▶ Task instructions
The entries are to be output word for word, with the pictures omitted.

Stored entries
'''

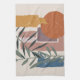 This simple and elegant boho influenced design is weathered and distressed shapes with two plan t stalks in earthy shades of orange, brown, green, and blue.
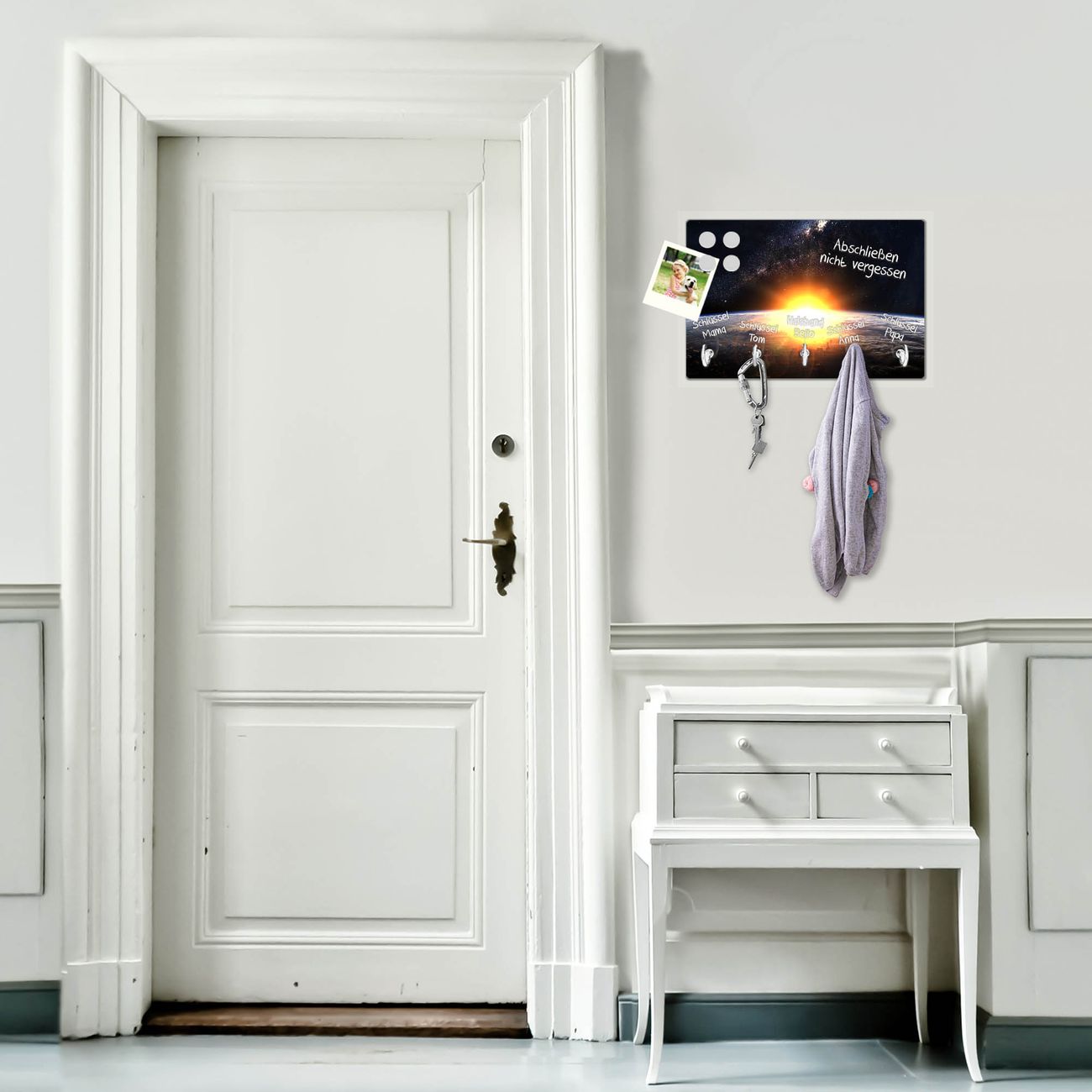 FUNKTION: Mit dem banjado Schlüsselbrett Sonne im Weltall hat Ihre Suche nach dem Schlüsselbund endlich ein Ende! Auf gesamt 5 Haken finden auch die größten Schlüssel ihren Platz. Durch den farbenfrohen Motivdruck ist das Schlüsselboard ein Blickfang in jeder Wohnung. DESIGN: Die Schlüsselleiste mit Motiv Sonne im Weltall hat ein sehr ansprechendes und ausgefallenes Design. Das Glasboard besteht aus einer gehärteten Glasscheibe mit dem Motiv Ihrer Wahl. Ihre neue Schlüsselaufbewahrung ist funktionell und ein optisches Highlight. DETAILS: Das Schlüsselbrett ist 30 x 20 x 4,5 CM (BxHxT). Das ganze Board besteht aus gehärtetem Sicherheitsglas, die Haken zur Selbstmontage präsentieren sich in Edelstahl-Optik. Für einen sicheren Halt erfolgt die Aufhängung an 2 vorgefertigten Haltern an der Rückseite. Das Montagematerial fügen wir bei. NUTZEN: Hier findet alles seinen Platz: Schlüsselbunde, Geschirrtücher, Hundeleinen oder Kinderjacken. Das Glas kann mit Kreidestiften bzw. Whiteboard-Marker beschrieben werden, mit extrastarken Neodym-Magneten können Sie auch Notizen anheften. BANJADO: Wir sind ein kleines Team aus dem Herzen von Sachsen und fertigen Ihre neue Schlüsselaufbewahrung von Hand an. Sie erhalten Handarbeit und keine preiswerte Importware. Wir hoffen, dass Ihnen unsere Idee zusagt, herzlichst das banjado Team.
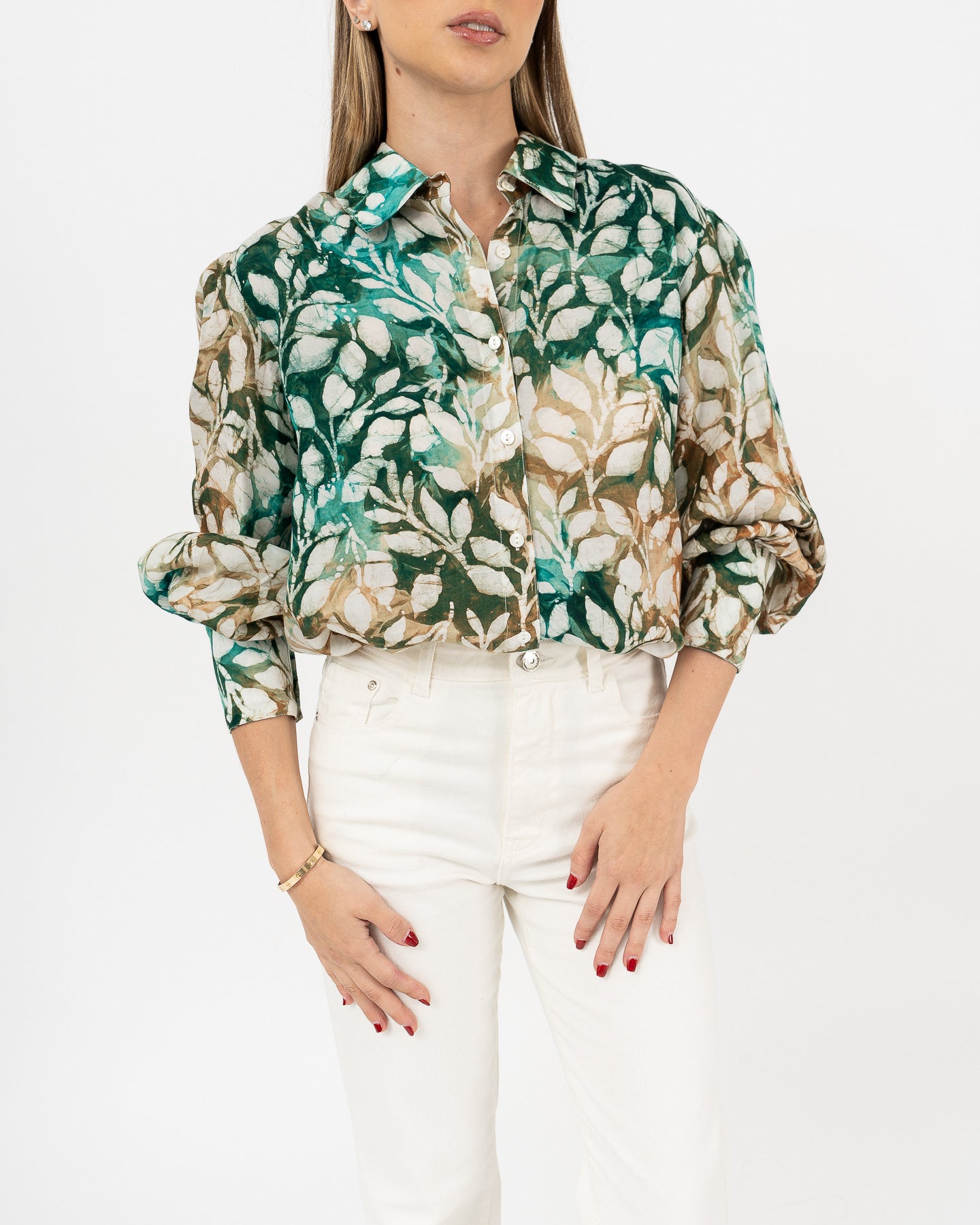 Long - sleeved blouse with volume , leaf print in green , brown and beige tones , with a shirt collar .
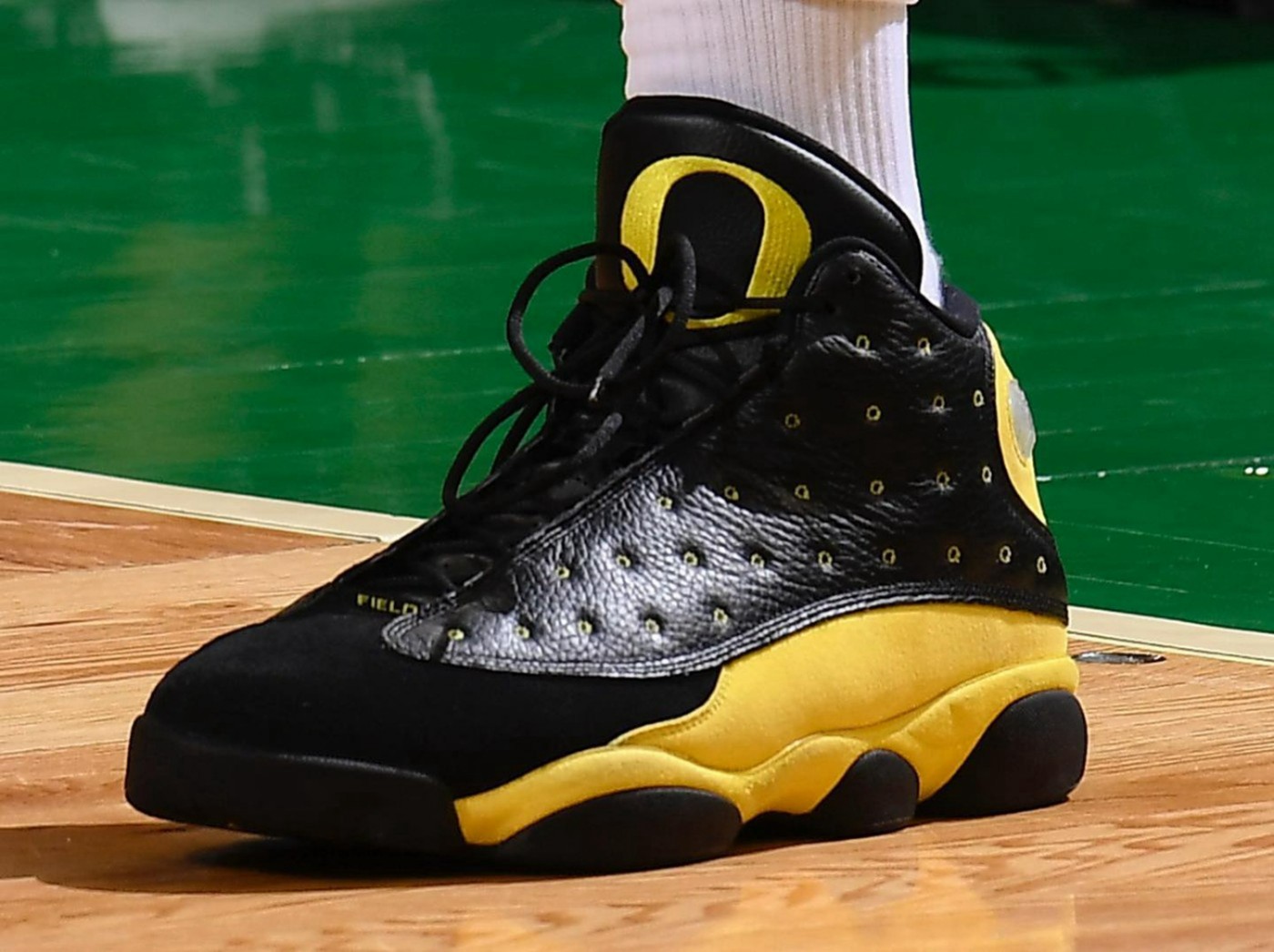 第一双就是双 “重磅炸弹”,市价 ¥13 万元的 Air Jordan 13 “俄勒冈” PE 就这样被塔克在高强度的比赛中穿着。
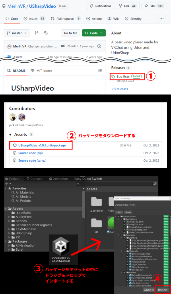 - 下の方のAssetsの中のUsharpVideoと書いてあるUnitypackageを押してダウンロードします。(少し時間がかかります)
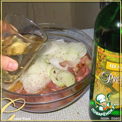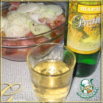 порезать луковицу, смешать с индейкой, посолить, вино - сухое
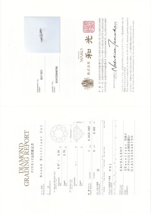 【世界品質評価基準GIA(米国宝石学会)鑑定書】
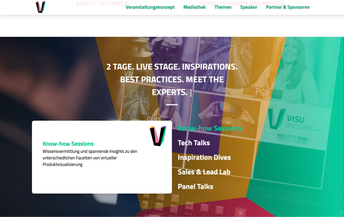 Marketing site for the Visu expo. Development consulting with the digital expo platform Liveline Connect.
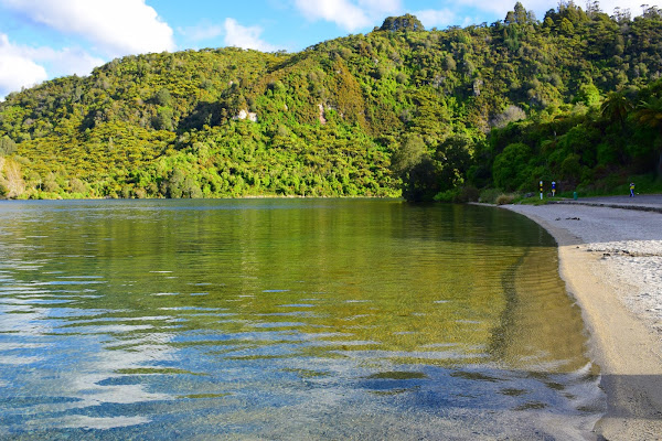La gran masa de agua es conocida entre los neozelandeses por la quietud de sus aguas, que permiten practicar todo tipo de deportes acuáticos, y bien avanzado el verano incluso bañarse, pero menos conocida es su actividad geotérmica, que calienta una playa aislada en el borde del mismo. Hasta hace poco el lugar sólo era accesible en barco, pero ahora se puede acceder por el recién inaugurado sendero de Tarawera. Aguas termales que fluyen por el lecho del lago y calientan una pequeña playa se presentaban como el lugar perfecto para terminar una jornada de exploración y relajarnos tras los centenares de kilómetros que habíamos recorrido durante el día.
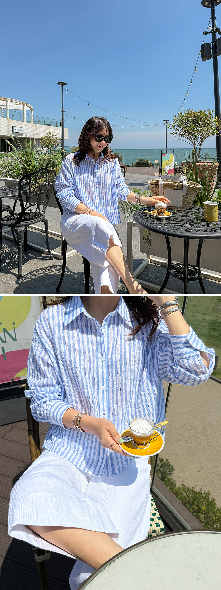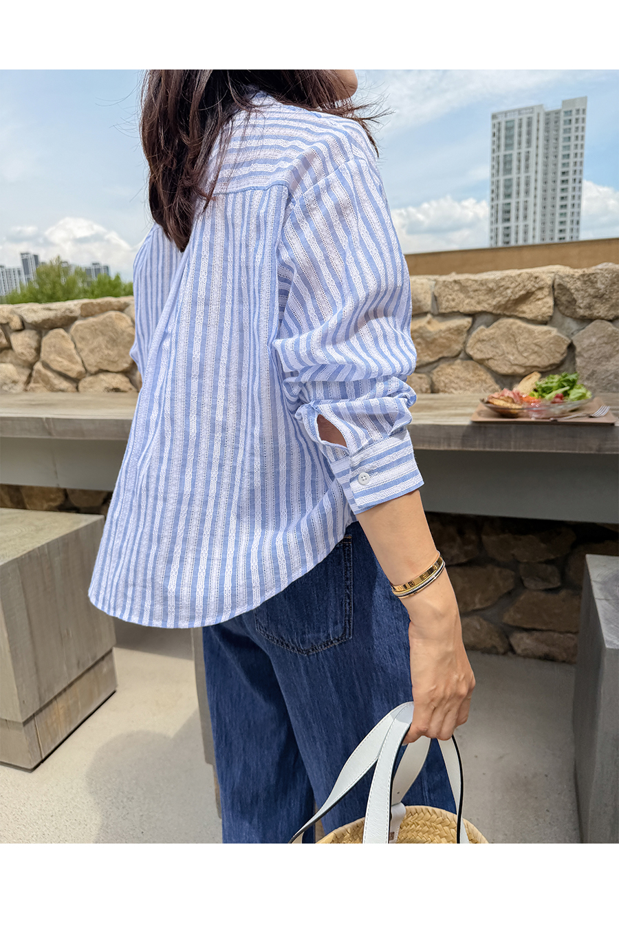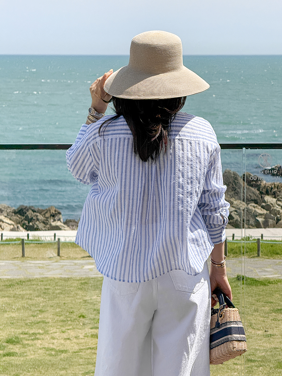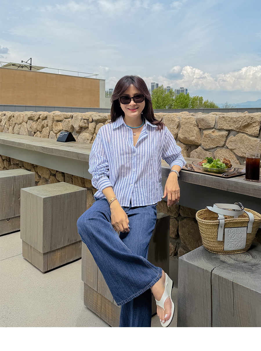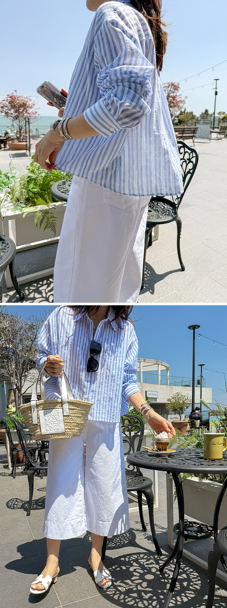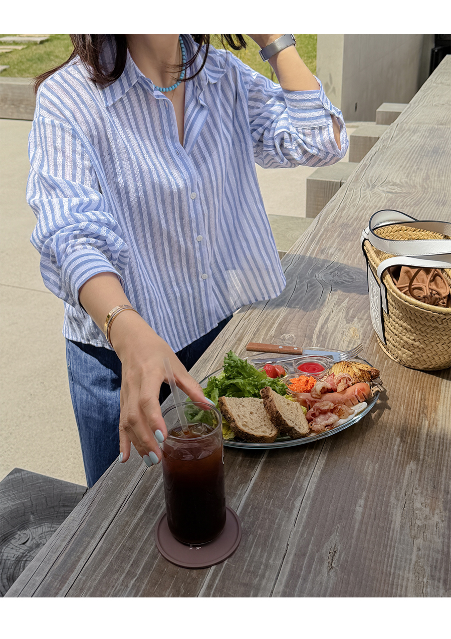코튼 레이스+스트라이프로 담백하면서 여리한 감성의 셔츠

'''

▶ Response area
 This simple and elegant boho influenced design is weathered and distressed shapes with two plan t stalks in earthy shades of orange, brown, green, and blue.
 FUNKTION: Mit dem banjado Schlüsselbrett Sonne im Weltall hat Ihre Suche nach dem Schlüsselbund endlich ein Ende! Auf gesamt 5 Haken finden auch die größten Schlüssel ihren Platz. Durch den farbenfrohen Motivdruck ist das Schlüsselboard ein Blickfang in jeder Wohnung. DESIGN: Die Schlüsselleiste mit Motiv Sonne im Weltall hat ein sehr ansprechendes und ausgefallenes Design. Das Glasboard besteht aus einer gehärteten Glasscheibe mit dem Motiv Ihrer Wahl. Ihre neue Schlüsselaufbewahrung ist funktionell und ein optisches Highlight. DETAILS: Das Schlüsselbrett ist 30 x 20 x 4,5 CM (BxHxT). Das ganze Board besteht aus gehärtetem Sicherheitsglas, die Haken zur Selbstmontage präsentieren sich in Edelstahl-Optik. Für einen sicheren Halt erfolgt die Aufhängung an 2 vorgefertigten Haltern an der Rückseite. Das Montagematerial fügen wir bei. NUTZEN: Hier findet alles seinen Platz: Schlüsselbunde, Geschirrtücher, Hundeleinen oder Kinderjacken. Das Glas kann mit Kreidestiften bzw. Whiteboard-Marker beschrieben werden, mit extrastarken Neodym-Magneten können Sie auch Notizen anheften. BANJADO: Wir sind ein kleines Team aus dem Herzen von Sachsen und fertigen Ihre neue Schlüsselaufbewahrung von Hand an. Sie erhalten Handarbeit und keine preiswerte Importware. Wir hoffen, dass Ihnen unsere Idee zusagt, herzlichst das banjado Team.
 Long - sleeved blouse with volume , leaf print in green , brown and beige tones , with a shirt collar .
 第一双就是双 “重磅炸弹”,市价 ¥13 万元的 Air Jordan 13 “俄勒冈” PE 就这样被塔克在高强度的比赛中穿着。
 - 下の方のAssetsの中のUsharpVideoと書いてあるUnitypackageを押してダウンロードします。(少し時間がかかります)
 порезать луковицу, смешать с индейкой, посолить, вино - сухое
 【世界品質評価基準GIA(米国宝石学会)鑑定書】
 Marketing site for the Visu expo. Development consulting with the digital expo platform Liveline Connect.
La gran masa de agua es conocida entre los neozelandeses por la quietud de sus aguas, que permiten practicar todo tipo de deportes acuáticos, y bien avanzado el verano incluso bañarse, pero menos conocida es su actividad geotérmica, que calienta una playa aislada en el borde del mismo. Hasta hace poco el lugar sólo era accesible en barco, pero ahora se puede acceder por el recién inaugurado sendero de Tarawera. Aguas termales que fluyen por el lecho del lago y calientan una pequeña playa se presentaban como el lugar perfecto para terminar una jornada de exploración y relajarnos tras los centenares de kilómetros que habíamos recorrido durante el día.
코튼 레이스+스트라이프로 담백하면서 여리한 감성의 셔츠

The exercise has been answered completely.